Choice of initial treatment depends on the severity of BP elevation and the presence of comorbidities (FIGURE6,20,25-28). The initial, fundamental treatment recommendation is lifestyle modification,6,29 including regular physical exercise, a change in nutritional habits, weight loss (because obesity is a common comorbid condition), elimination of tobacco and substance use, and stress reduction.25,26 Medications can be used as well, along with other treatments for specific causes of secondary hypertension.
Referral to a specialist can be considered if consultation for assistance with treatment is preferred (TABLE 26) or if the patient has:
- treatment-resistant hypertension
- stage 2 hypertension that is not quickly responsive to initial treatment
- an identified secondary cause of hypertension.
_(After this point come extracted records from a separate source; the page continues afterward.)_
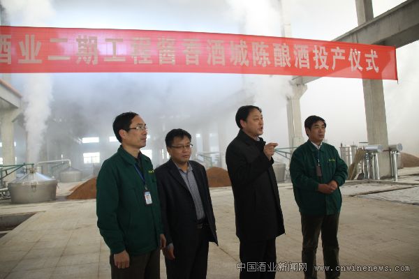 图为云门酒业董事长汲英民在投产仪式上讲话。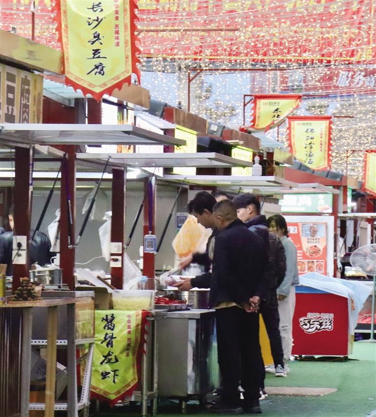 “缽缽雞啊缽啊缽缽雞,一元一串的缽缽雞……”隨著魔性洗腦的叫賣聲響起,記者走進了拉薩城關(guān)區(qū)東郊萬達廣場的金街。道路兩旁諸多小吃店鋪集錦,撈汁小海鮮、鐵板魷魚、各種燒烤、脆皮五花肉、炒年糕、精釀扎啤、特調(diào)咖啡……美食琳瑯、人聲鼎沸,散發(fā)著迷人的城市煙火氣,撫平了夏日的躁動,點燃了夏夜的熱情。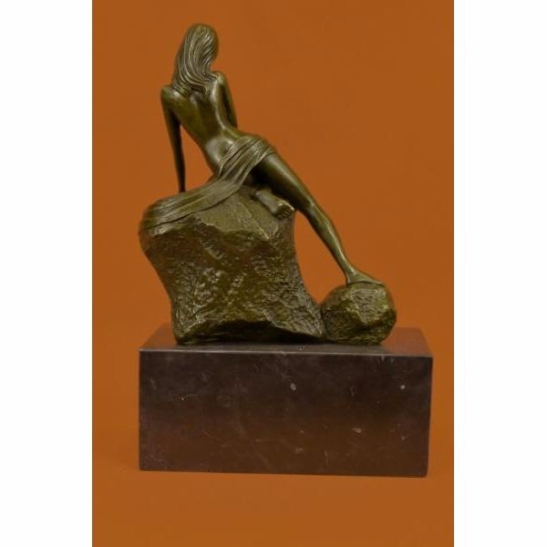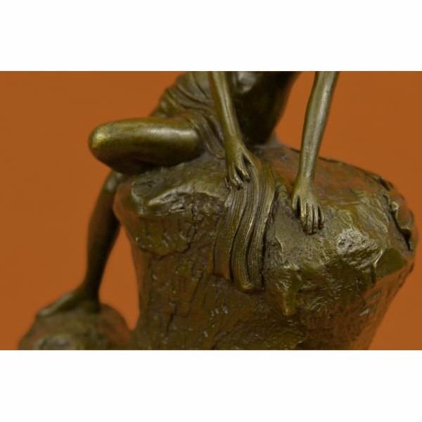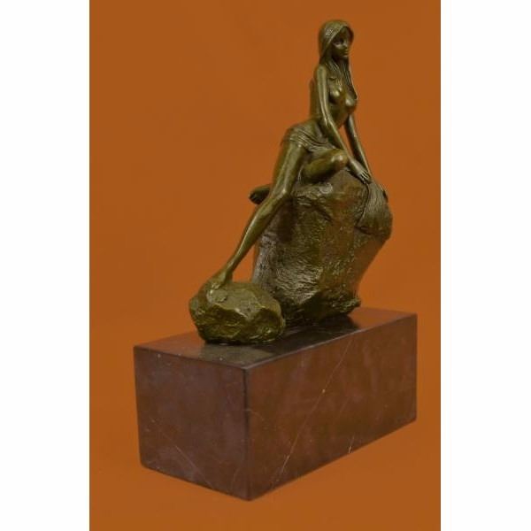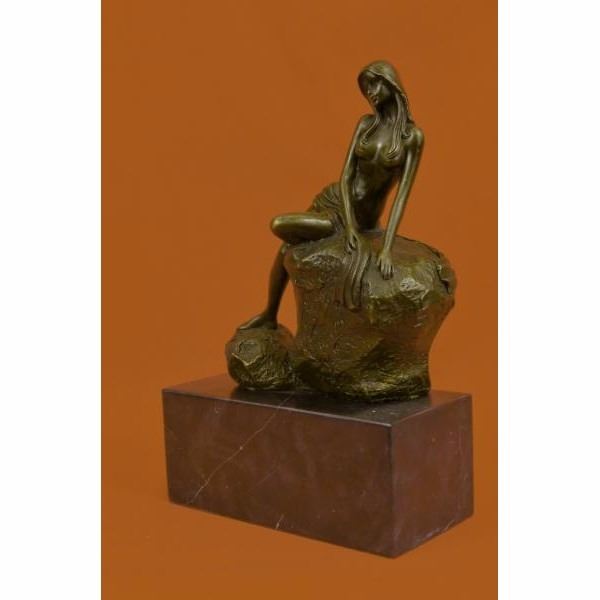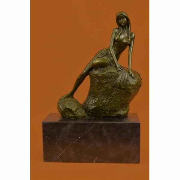 This piece by the  notable artisan, Milo, features a young girl  sitting atop a rock. She folds her body up underneath her as she allows her head  to rest on her knee. Her eyes are closed and her flowing hair seems to mimic the  flowing draping of her garment, that reveals just a touch of her shoulder and  back. This is an excellent piece featuring the lost wax method of casting,  founded thousands of years ago ensuring an exquisitely detailed sculpture that  will add grace and beauty to your business or home.                               Condition:   This sculpture is in perfect condition.        Bronze Dimensions with Marble Base:Height 10" x Width 6.5"   Marble Dimensions:6.5 X 3.5"   Height without base: 7"    Weight :9 LBS   Inventory :   35XNCH0083953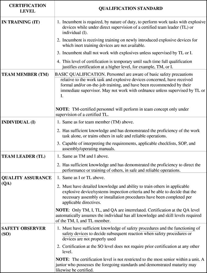 CERTIFICATION When you are qualified and recommended for certification, you will be issued final certification by the commanding officer, the officer in charge, or the designated head of the certification board. An appropriate entry will be made in your training record and service record. Next, let's find out who must qualify and certify for what positions of responsibility. The following personnel require individual qualification and certification: 1. Personnel whose duties require that they individually handle, inspect, package, unpack, assemble, disassemble, test, fuze, load or download, stow, arm or de-arm explosives or explosive devices must be qualified and certified for such tasks. Personnel assigned as safety observers for explosive operations, and those who inspect explosive operations for quality assurance purposes must also be qualified and certified. Supervisors of explosive operations and members of the command-appointed certification boards must also be individually certified for the evolutions that they may supervise or observe for qualification purposes. The only exception to this provision is that supervisors of explosives handling teams involved in handling explosives/hazardous materials with power-operated handling equipment need not themselves be qualified as operators. They must, however, be certified as team leaders for the explosive operations being conducted. 2. All operators of power-operated handling equipment (hoists, winches, cranes, forklifts, and so forth) used in transporting, loading, or handling ammunition, explosives, and other hazardous materials must be both certified and licensed as ground support equipment and/or materials handling equipment operators. Civilian personnel who operate these types of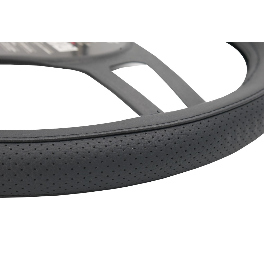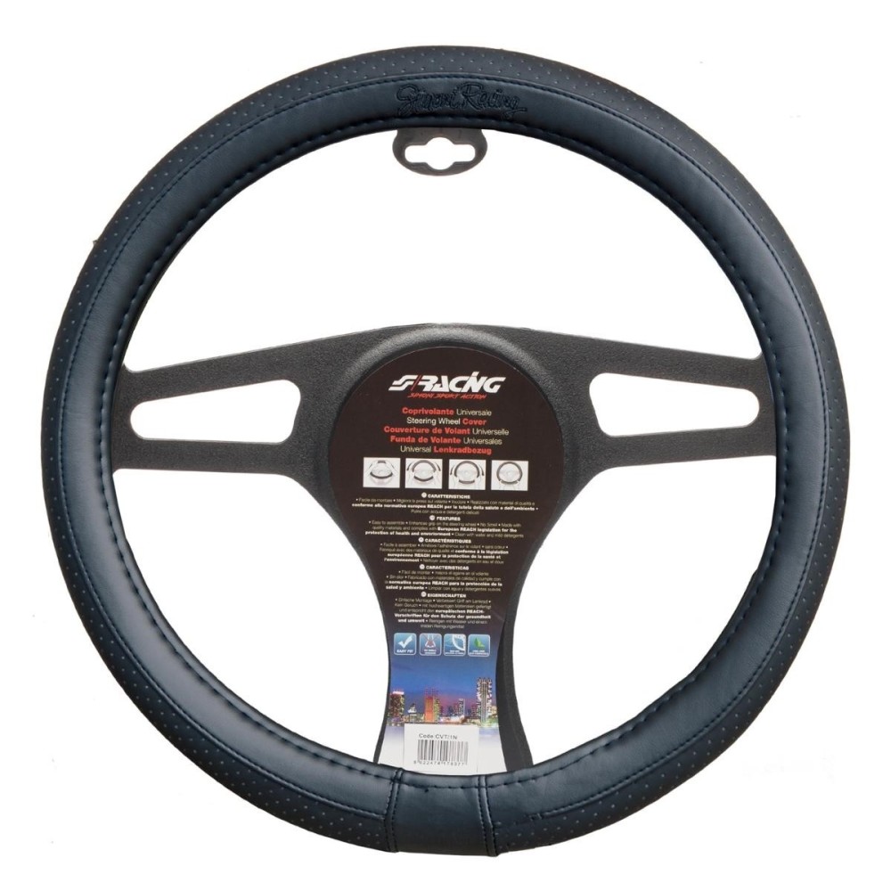 Modello Total Black Simoni Racing. Cod. CVT/16. Coprivolante universale per volanti con diametro compreso tra 37 e 39cm. In eco-pelle nera liscia e forata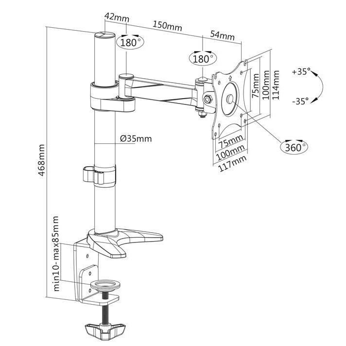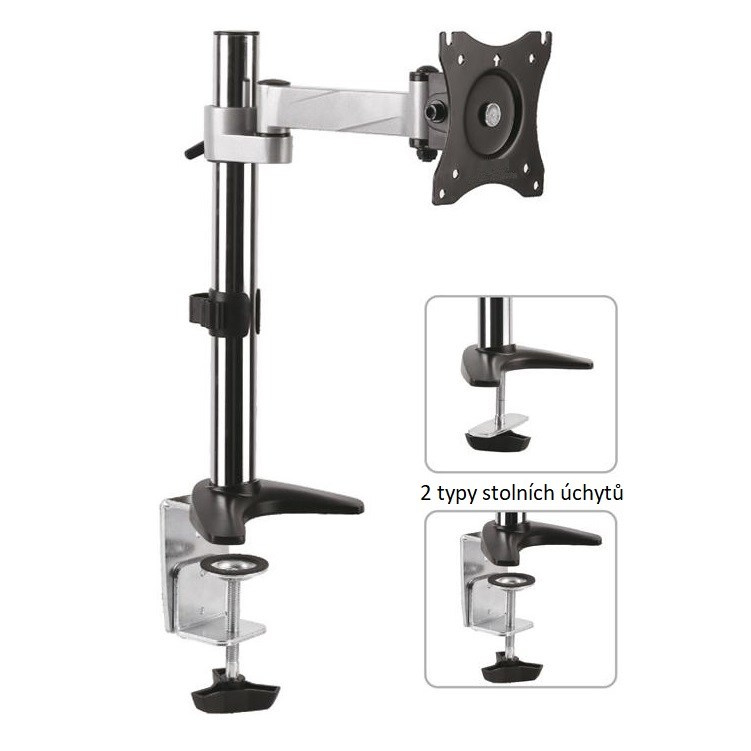 Kvalitní stolní držák pro monitory 13-32", otočný +/-180°, sklopný +/-35°, nastavení výšky 100-380mm, nastavení vzdálenosti od úchytu 50-204mm, funkce pivot, VESA 75x75 a 100x100, nosnost 8kg.... více

Continue to: Lifestyle modification can make a big difference
Lifestyle modification can make a big difference
Exercise. “Regular” physical exercise for children to reduce BP is defined as ≥ 30 to 60 minutes of active play daily.6,29 Studies have shown significant improvement not only in BP but also in other cardiovascular disease risk parameters with regular physical exercise.27 A study found that the reduction in systolic BP is, on average, approximately 6 mm Hg with physical activity alone.30
Nutrition. DASH—Dietary Approaches to Stop Hypertension—is an evidence-based program to reduce BP. This nutritional guideline focuses on a diet rich in natural foods, including fruits, vegetables, minimally processed carbohydrates and whole grains, and low-fat dairy and meats. It also emphasizes the importance of avoiding foods high in processed sugars and reducing sodium intake.31 Higher-than-recommended sodium intake, based on age and sex (and established as part of dietary recommendations for children on the US Department of Health and Human Services’ website health.gov) directly correlates with the risk of prehypertension and hypertension—especially in overweight and obese children.20,32 DASH has been shown to reliably reduce the incidence of hypertension in children; other studies have supported increased intake of fruits, vegetables, and legumes as strategies to reduce BP.33,34
Other interventions. Techniques to improve adherence to exercise and nutritional modifications for children include motivational interviewing, community programs and education, and family counseling.27,35 A recent study showed that a community-based lifestyle modification program that is focused on weight loss in obese children resulted in a significant reduction in BP values at higher stages of obesity.36 There is evidence that techniques such as controlled breathing and meditation can reduce BP.37 Last, screening and counseling to encourage tobacco and substance use discontinuation are recommended for children and adolescents to improve health outcomes.25
Proceed with pharmacotherapy when these criteria are met
Medical therapy is recommended when certain criteria are met, although this decision should be individualized and made in agreement by the treating physician, patient, and family. These criteria (FIGURE6,20,25-28) are6,29:
- once a diagnosis of stage 1 hypertension has been established, failure to meet a BP goal after 3 to 6 months of attempting lifestyle modifications
- stage 2 hypertension without a modifiable risk factor, such as obesity
- any stage of hypertension with comorbid CKD, DM, or proteinuria
- target-organ damage, such as left ventricular hypertrophy
- symptomatic hypertension.6,29
There are circumstances in which one or another specific antihypertensive agent is recommended for children; however, for most patients with primary hypertension, the following classes are recommended for first-line use6,22:
- angiotensin-converting enzyme (ACE) inhibitors
- angiotensin receptor blockers (ARBs)
- calcium-channel blockers (CCBs)
- thiazide diuretics.
Continue to: For a child with known CKD...
For a child with known CKD, DM, or proteinuria, an ACE inhibitor or ARB is beneficial as first-line therapy.38 Because ACE inhibitors and ARBs have teratogenic effects, however, a thorough review of fertility status is recommended for female patients before any of these agents are started. CCBs and thiazides are typically recommended as first-line agents for Black patients.6,28 Beta-blockers are typically avoided in the first line because of their adverse effect profile.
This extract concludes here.